[Extracted records]

------------------------------------------------------------------------

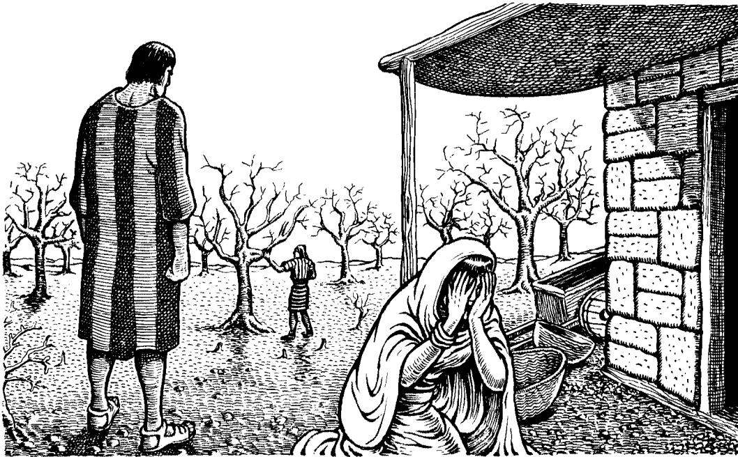
The Egyptians found that the locusts had eaten every green leaf and plant.
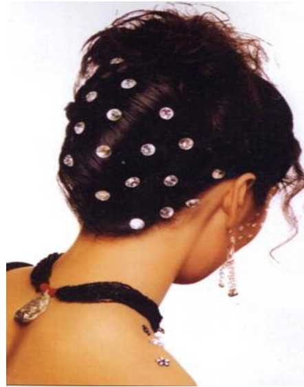
FRENCH WITH FUNKY
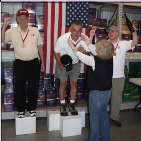
Medal ceremony at grapestompers.com
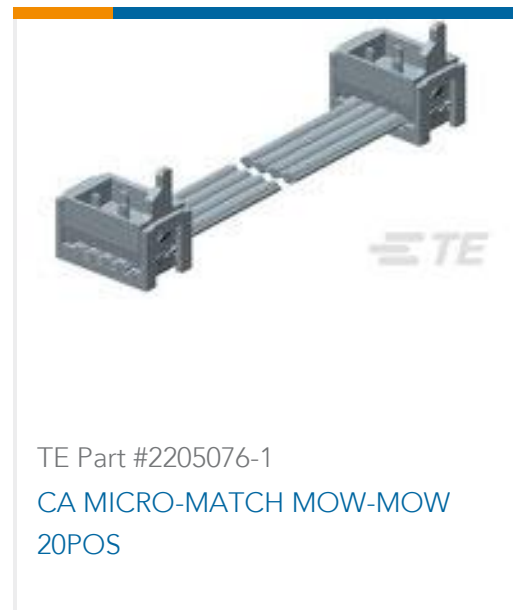
TE Part #2205076-1 CA MICRO-MATCH MOW-MOW 20POS
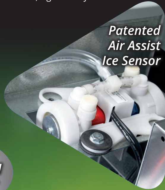
Patented Air Assist Ice Sensor
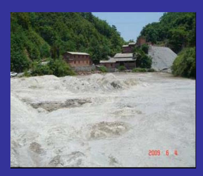
Tailing wastes 尾砂库
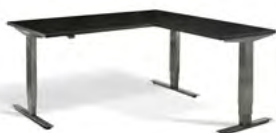
WENGE Raw Frame

1600x1600: FORC/16001600WHI 1800x1600: FORC/18001600WHI
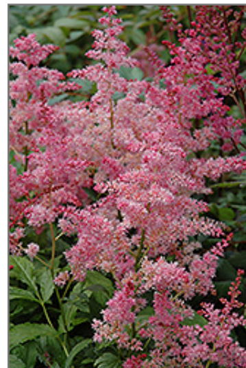
Jump and Jive Astilbe flowers
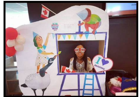
Above: The Toronto Public Library Branches in the Don Valley East offer fun and rewarding summer programming for all ages.

Other programming can be found at www.torontopubliclibrary.ca/search .
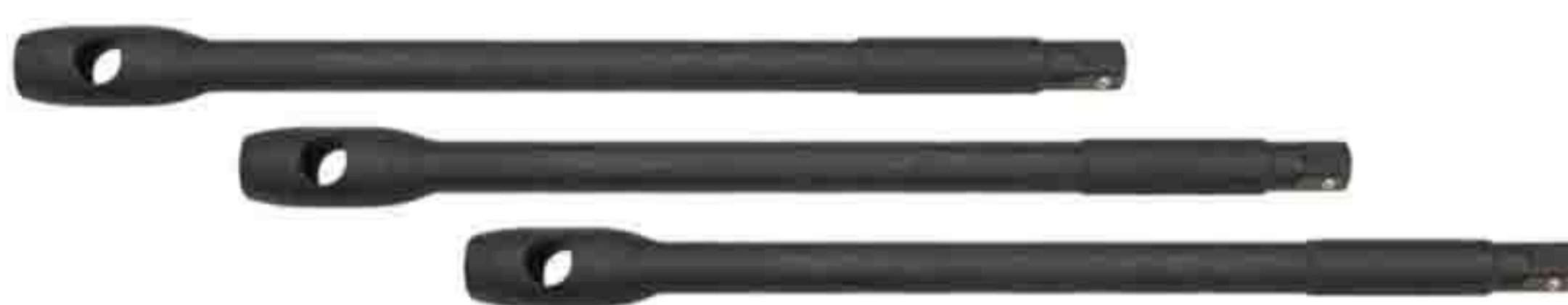
3/4(19mm)系列铬钒钢重型加力杆 3/4" Dr. impact extension bar series(Cr-v)
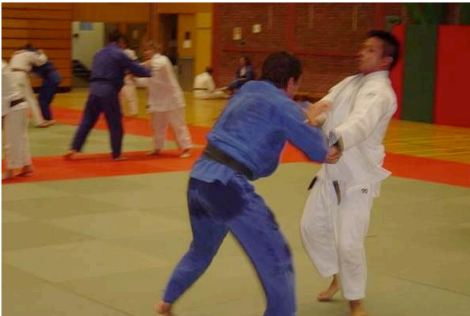
Photo from Wales Rising Stars tour
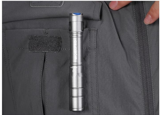
Figure 5: Examples of using the dual-direction clip for hands-free operation.
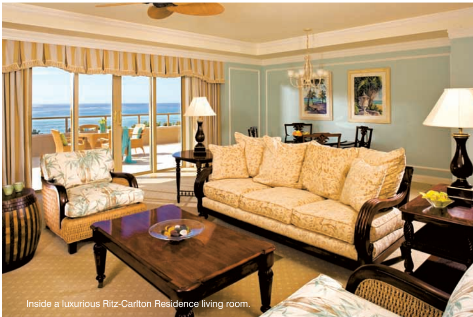
Inside a luxurious Ritz-Carlton Residence living room.
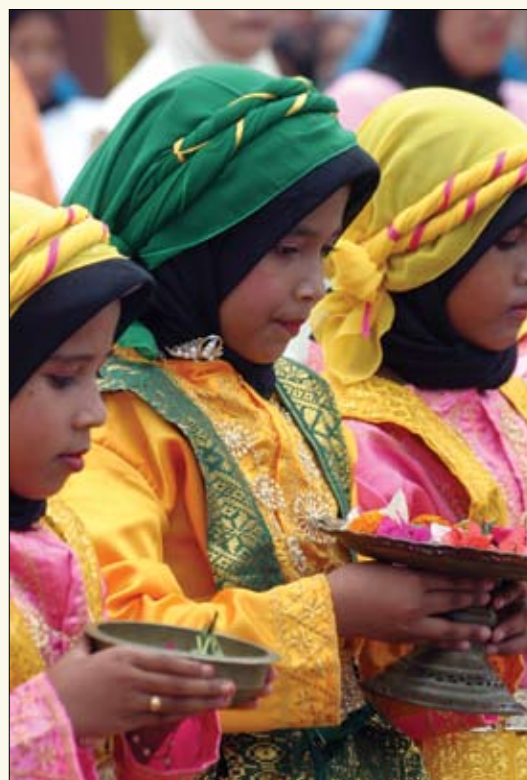
Girls participate in a traditional ceremony in Aceh, Indonesia.
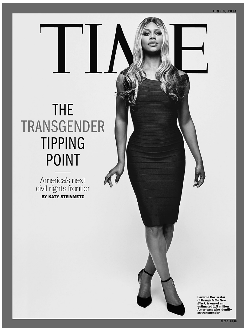
FIGURE 1.1. Time magazine's "The Transgender Tipping Point" cover issue (June 9, 2014).
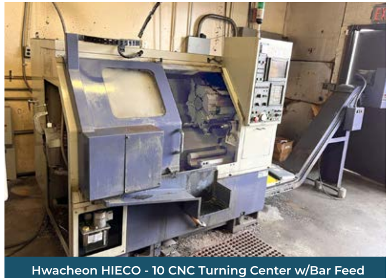
Hwacheon HIECO - 10 CNC Turning Center w/Bar Feed
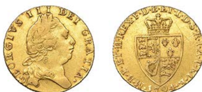
292 Guinea, 1794, fifth bust (EGC 725; S 3729). Cleaned, scratches on reverse, otherwise about very fine
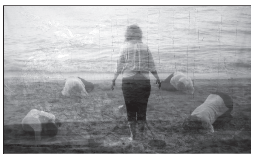
Image 6: Barbara Bickel, Wit(h)nessing Eyes Close(d), video still. Projection onto canvas, paper collage, thread and paint.
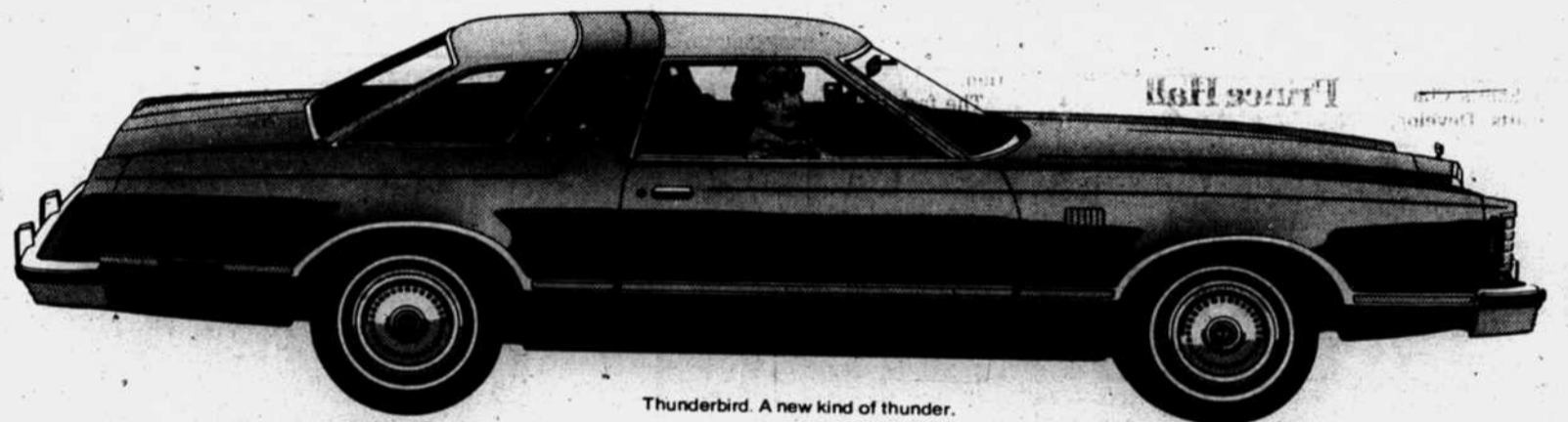
Thunderbird. A new kind of thunder.

------------------------------------------------------------------------

What to produce
Each line above that contains the word "found" should be returned.

Solved problem
The Egyptians found that the locusts had eaten every green leaf and plant.
Other programming can be found at www.torontopubliclibrary.ca/search .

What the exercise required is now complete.